Information provided:

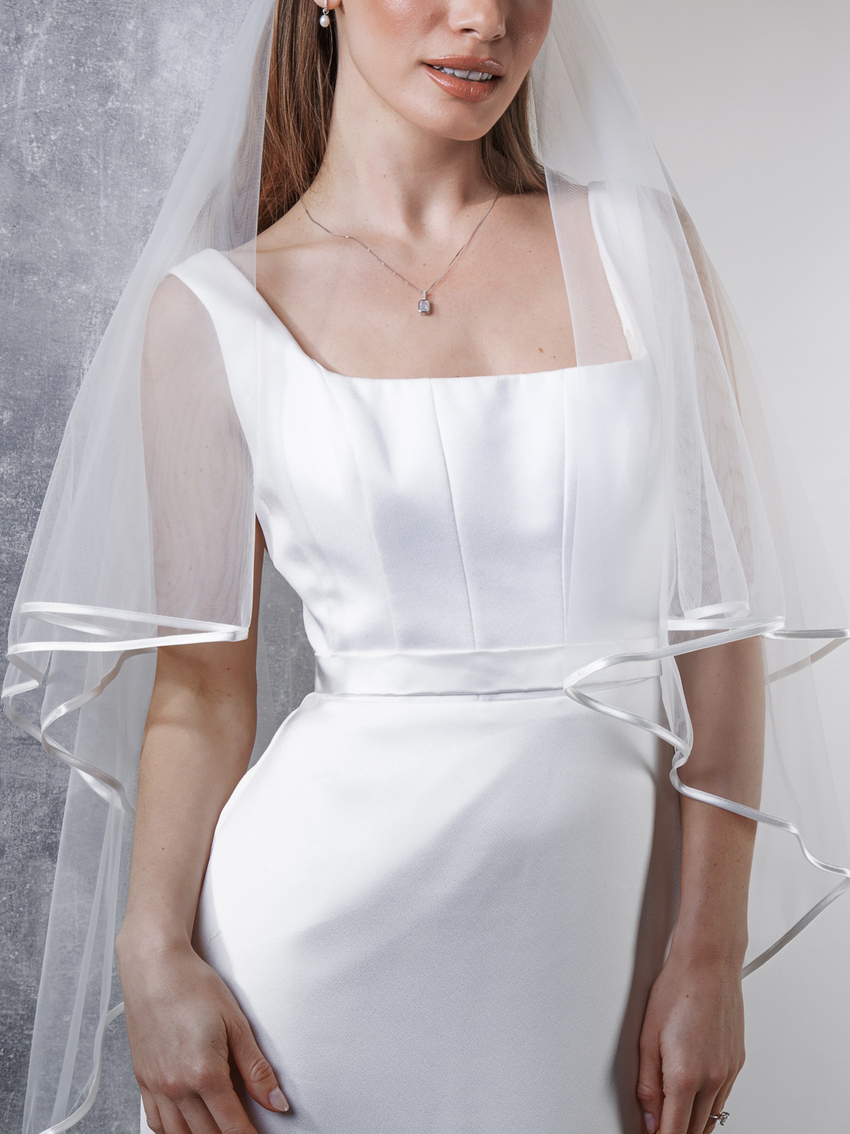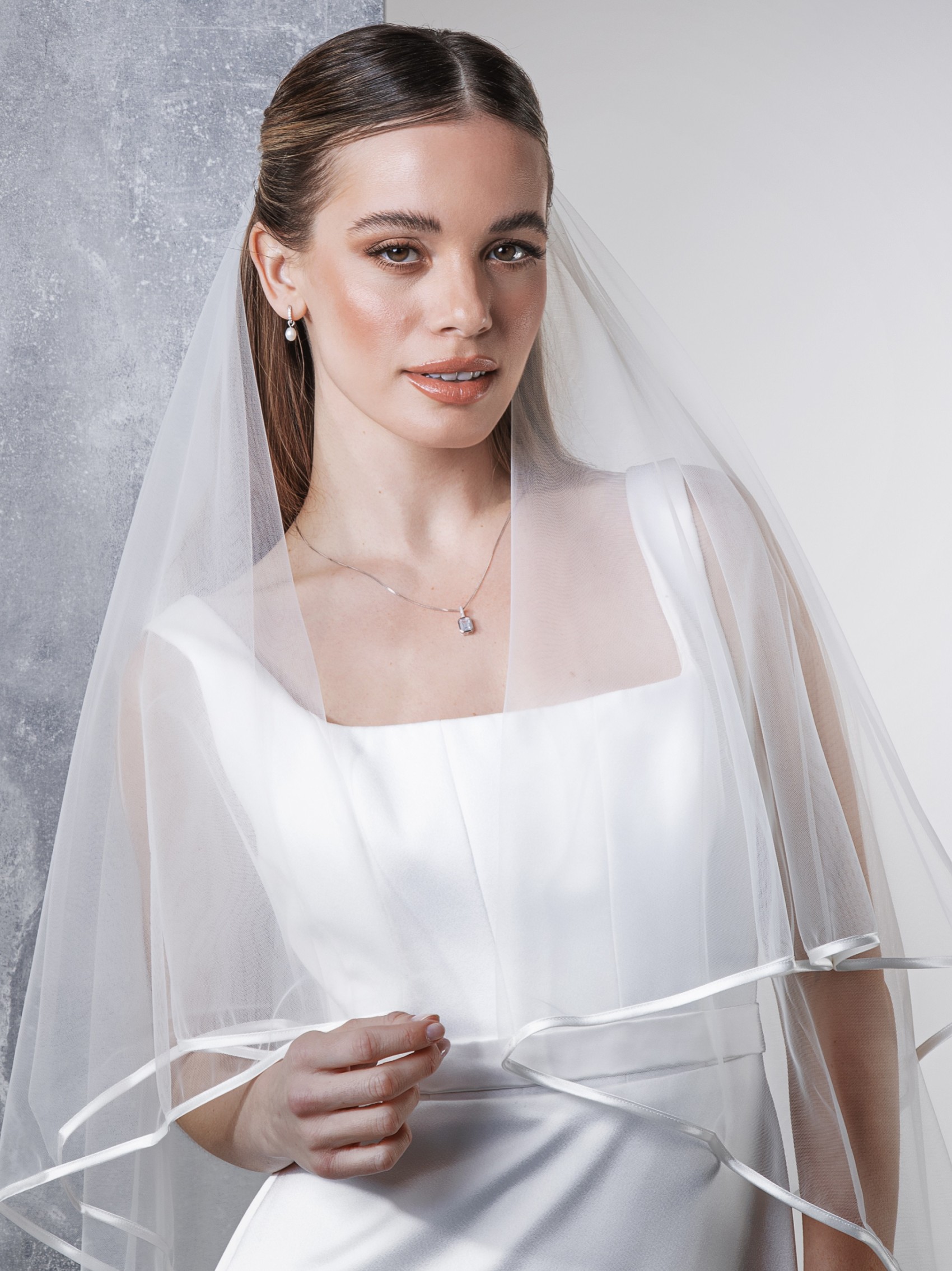 Traditionell und zeitlos, Jessamy ist ein wunderschöner Brautschleier, ideal für klassische Bräute. Ein raffinierter, zweistufiger Schleier, handgefertigt aus exklusivem, weichem italienischem Tüll, der mit einer zarten Satinkante versehen ist. Die perfekte Schleierwahl für dezente Bräute.
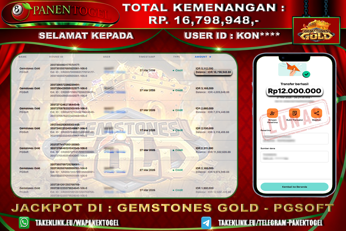 Selamat Kepada User ID : KON**** Member PANENTOGEL JACKPOT SLOT GEMSTONES GOLD PG SOFT
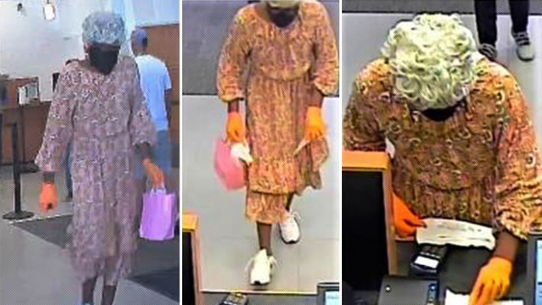 Las autoridades describen al hombre como un sujeto delgado y alto. Las imágenes capturadas por las cámaras de seguridad muestran que llevaba un vestido floral, zapatillas blancas, guantes de látex naranja, una peluca blanca y una máscara facial oscura durante el atraco.
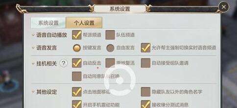 选择挂机相关;进行自动反击、原地复活、自动接受组队邀请、自动同意队长召唤等设定。

Activity: Line by line, restate the data above exactly as it stands, minus the pictures.

Answer below:
 Traditionell und zeitlos, Jessamy ist ein wunderschöner Brautschleier, ideal für klassische Bräute. Ein raffinierter, zweistufiger Schleier, handgefertigt aus exklusivem, weichem italienischem Tüll, der mit einer zarten Satinkante versehen ist. Die perfekte Schleierwahl für dezente Bräute.
 Selamat Kepada User ID : KON**** Member PANENTOGEL JACKPOT SLOT GEMSTONES GOLD PG SOFT
 Las autoridades describen al hombre como un sujeto delgado y alto. Las imágenes capturadas por las cámaras de seguridad muestran que llevaba un vestido floral, zapatillas blancas, guantes de látex naranja, una peluca blanca y una máscara facial oscura durante el atraco.
 选择挂机相关;进行自动反击、原地复活、自动接受组队邀请、自动同意队长召唤等设定。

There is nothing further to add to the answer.